Without its pictures, the listing below is to be transcribed exactly.

### [Available data]
--*--
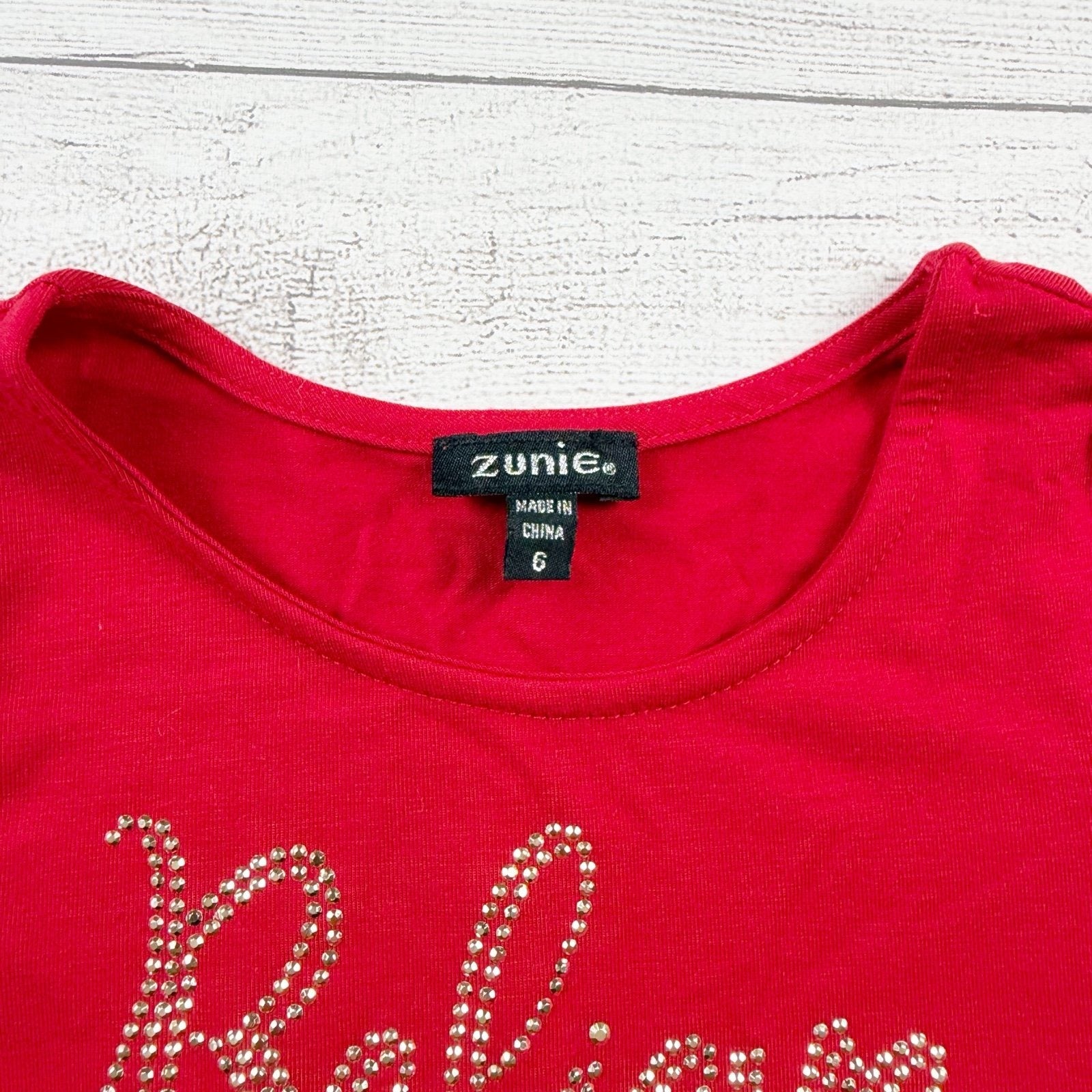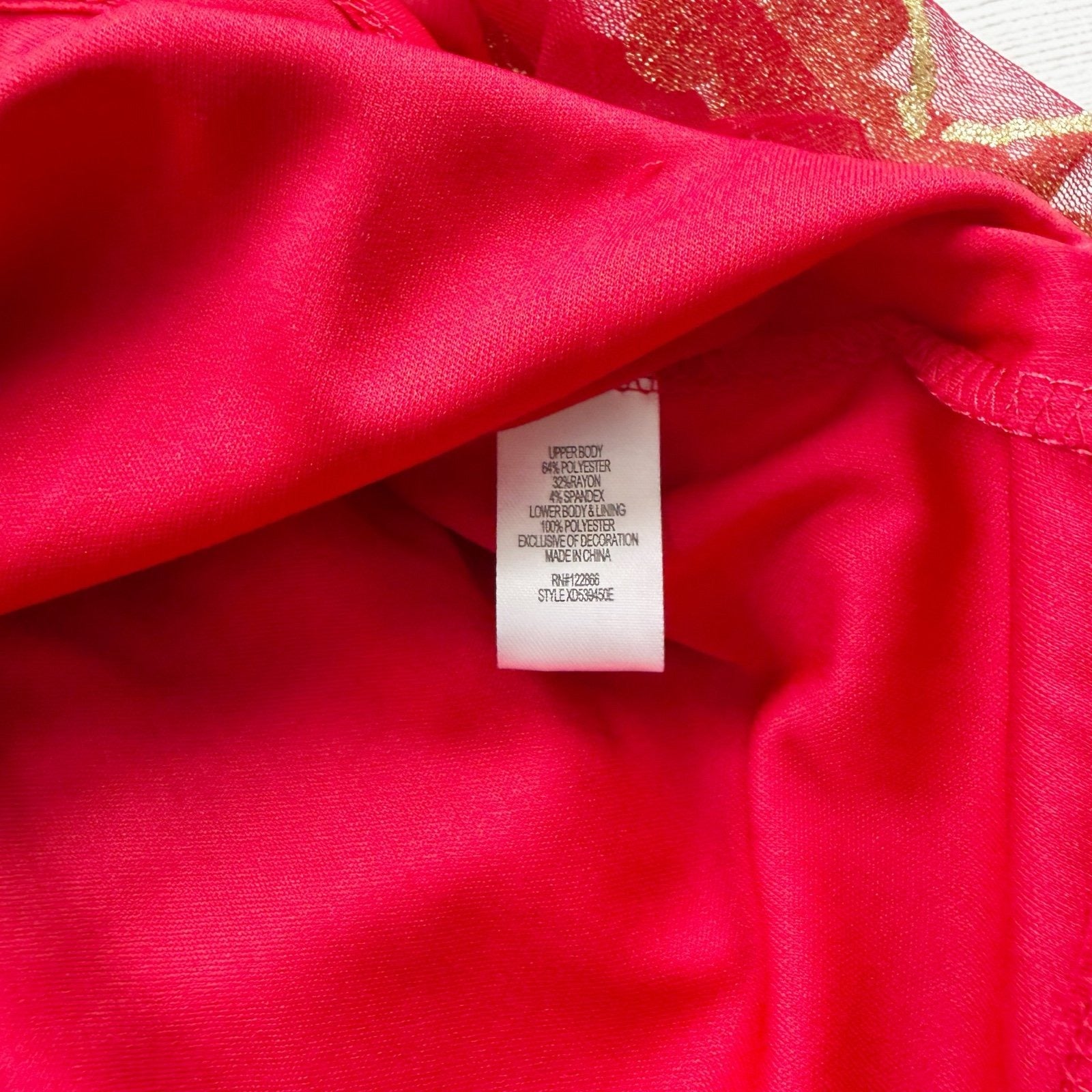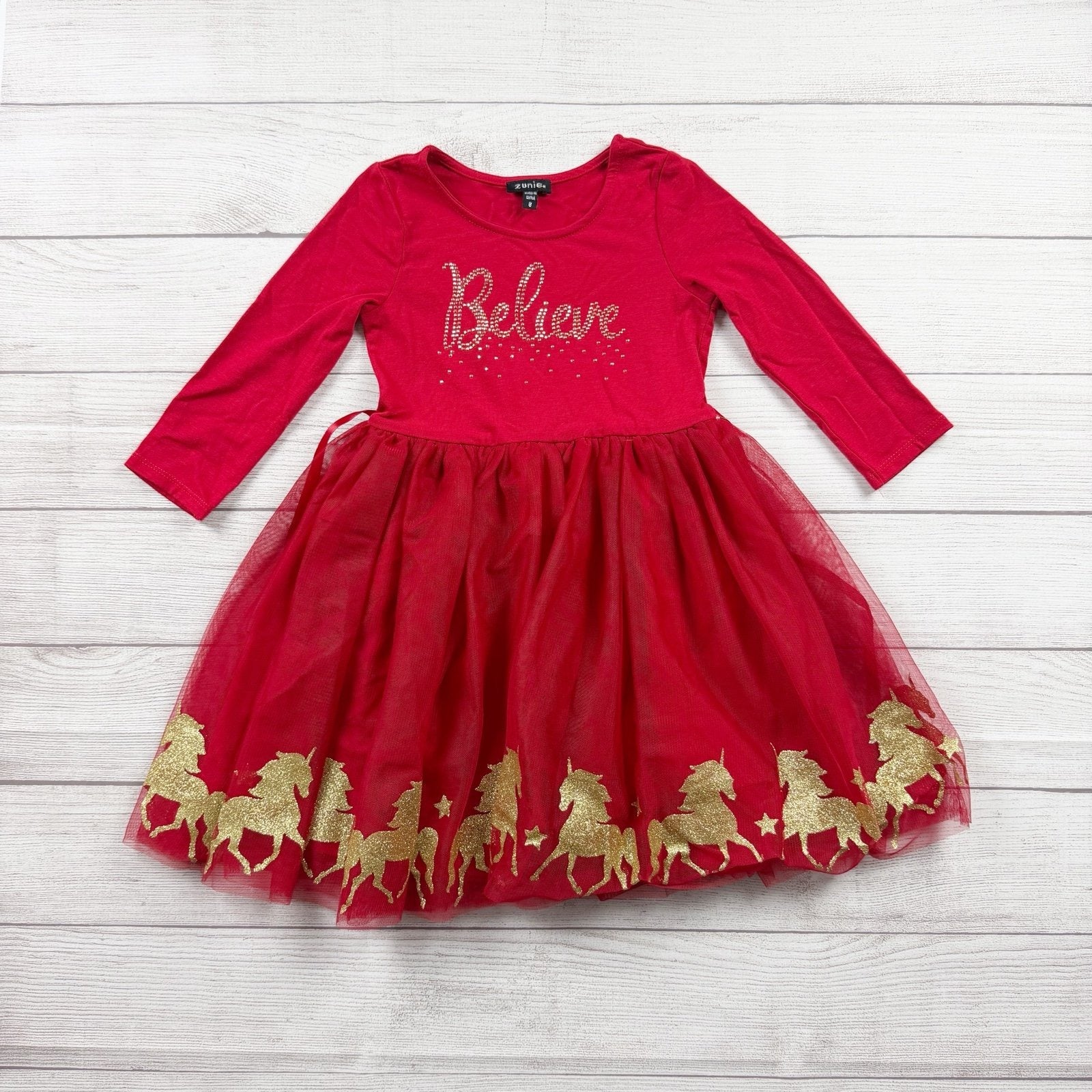 Red long sleeve dress with tulle skirted bottom. Glitter unicorn graphic trim. Believe rhinestone graphic on front. Polyester blend. Tie at back
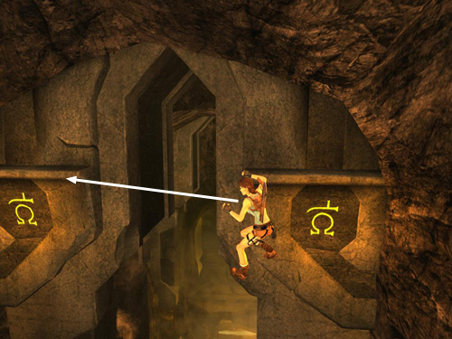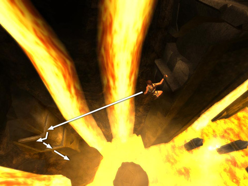 From there, jump back to grab one of the handholds on the square column beyond the double lava falls. Take care not to jump too close to the falls. The middle of this small ledge is a good take-off point. Climb around the corner to the right and drop down twice to reach the ledge below.
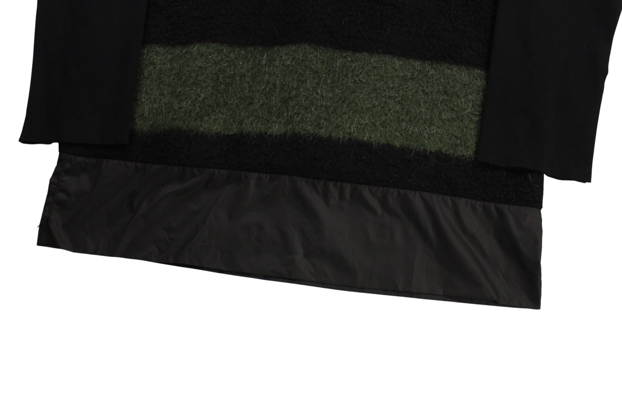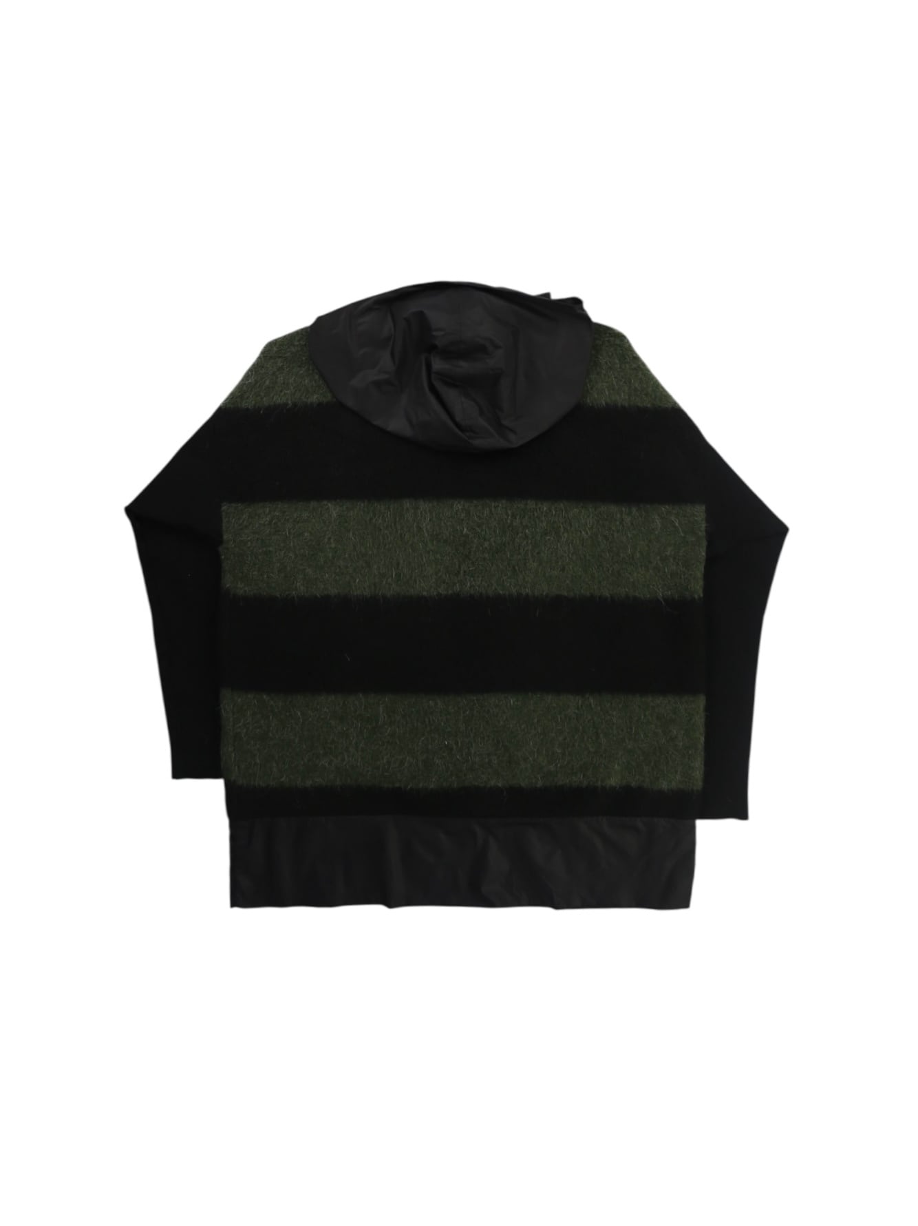 毛足の長いモヘアニットをベースに、袖には軽やかなスウェット生地、裾とフードにはナイロンをドッキング。
--*--
### [Written solution]
 Red long sleeve dress with tulle skirted bottom. Glitter unicorn graphic trim. Believe rhinestone graphic on front. Polyester blend. Tie at back
 From there, jump back to grab one of the handholds on the square column beyond the double lava falls. Take care not to jump too close to the falls. The middle of this small ledge is a good take-off point. Climb around the corner to the right and drop down twice to reach the ledge below.
 毛足の長いモヘアニットをベースに、袖には軽やかなスウェット生地、裾とフードにはナイロンをドッキング。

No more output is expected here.